DTEK incorporates 12 coal mines and electricity generation and supply operations in the highly populous and industrialized heartland of Ukraine: Donetsk, Luhansk and Dnipropetrovsk regions.

DTEK was established this year, but Akhmetov has controlled its assets for some time. System Capital Management (SCM), Akhmetov’s principle holding company, has been reshuffling its business structure in the hopes of streamlining operations and increasing the group’s attractiveness to investors. The company has moved quickly to revamp and attract fresh capital needed for modernization efforts.

On Feb. 16, company representatives announced that SCM, which controls assets in various sectors ranging from metallurgy to beer, has shifted all of its energy sector assets into a separate company within the group, namely, DTEK.

The assets had earlier been managed directly by SCM’s top management.

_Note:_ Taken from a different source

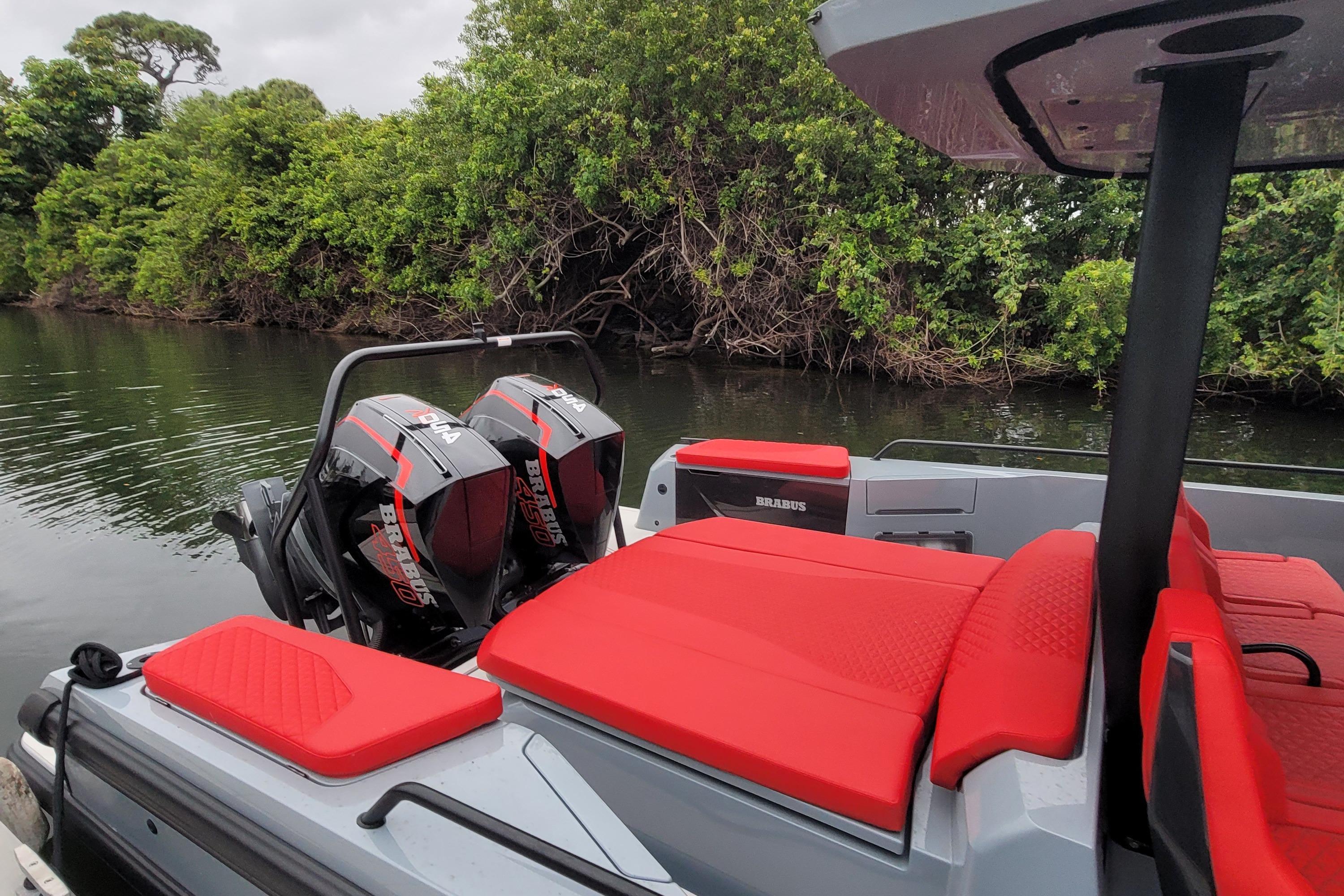 This beautiful 37' Axopar Brabus 900 Sun Top Package is equipped with the following equipment:Retractable Sun TopCanvas Covers for all Seats, Bow Pad, and Helm.Widescreen glass helm multi-touch Garmin chart plottersVHF RadioTwin (2) Mercury 450 hp Outboard PowerMercury JoystickBow sun shade with steel supportsUnderwater lightsHeadWindlassFusion Stereo with JL Audio Speaker and (2) JL Audio SubsBow ThrusterBrabus Line Waterski FrameCockpit Drawer RefrigeratorSide RailsShore Power with Battery Charger.

Now they will be managed by the newly established DTEK, appropriately named after the industrial region of Donbass, where most of Akhmetov’s assets are located.

With 55,000 employees, DTEK is one of Ukraine’s largest companies in terms of manpower.

Levesley, who has managed AES’s operations in Ukraine and other former Soviet bloc states during the past five years, said DTEK is also Ukraine’s largest privately-owned, vertically-integrated energy company managing assets “potentially worth several billion dollars.”

Annual revenues at DTEK are well in excess of $1 billion, Levesley said, adding that the company accounts for 25 percent of all power produced by thermal generators in Ukraine, and 10 percent of all power produced in the country as a whole.

State-owned nuclear power plants produce nearly half of Ukraine’s power.

DTEK General Director Maksim Timchenko said his company was pleased with the addition of Levesely, “one of the leading Western experts in the energy sector,” to its management team.

Timchenko said the hiring of Levesley “demonstrates the seriousness” of his company to become a leader on the energy market, adding that “a manager of such caliber will serve as a locomotive, ensuring the company’s success on the European energy market.”

Levesley spearheaded AES’s $90-million acquisition of two Ukrainian power distributors – Kyivoblenergo and Rivneoblenergo – in a 2001 privatization tender.

He has since managed AES’s modernization of these power distributors and hopes to spread the benefits of his expertise to DTEK, whose Soviet-built coal and power companies are badly in need of restructuring and modernization.

“They do seem to be serious about cleaning up and modernizing and they have realistic expansion possibilities. This is an exciting possibility for somebody like myself. My job will be to modernize and improve all their operations and advise them on bringing about a growth strategy. I bring solid experience to their team,” he said.

“The goal of the company for the next three years is to transform itself into a topnotch energy company. I would expect me joining the company to be a positive signal that DTEK has ambitions to become a more serious player in the Ukrainian and regional energy market.”

Rumors have spread in recent months within investment circles that Akhmetov was planning to take his companies public, offering stock on a Western trading platform.

Asked if his arrival could help DTEK better prepare for an Initial Public Offering on a Western market, Levesley said: “It is wrong to say I've been brought in as a face for a potential foreign listing. At the moment, there are no firm plans for an IPO or listing.”

“After three years [or so], the shareholders will decide what to do with regards to listing abroad or selling a stake, or to continue being private,” he added.

Yuriy Kubrushko, general director of IMEPOWER Consulting, a Kyiv-based energy sector consultancy, said the appointment of Levesley shows the commitment of DTEK to position the company as a serious energy market player that pays attention to transparency and the efficiency of its operations.

“I believe that potentially DTEK will be in a good position to enter international capital markets through an IPO or other financial instruments. However, it will definitely take some time to properly structure and optimize the operations of the new company,” Kubrushko added.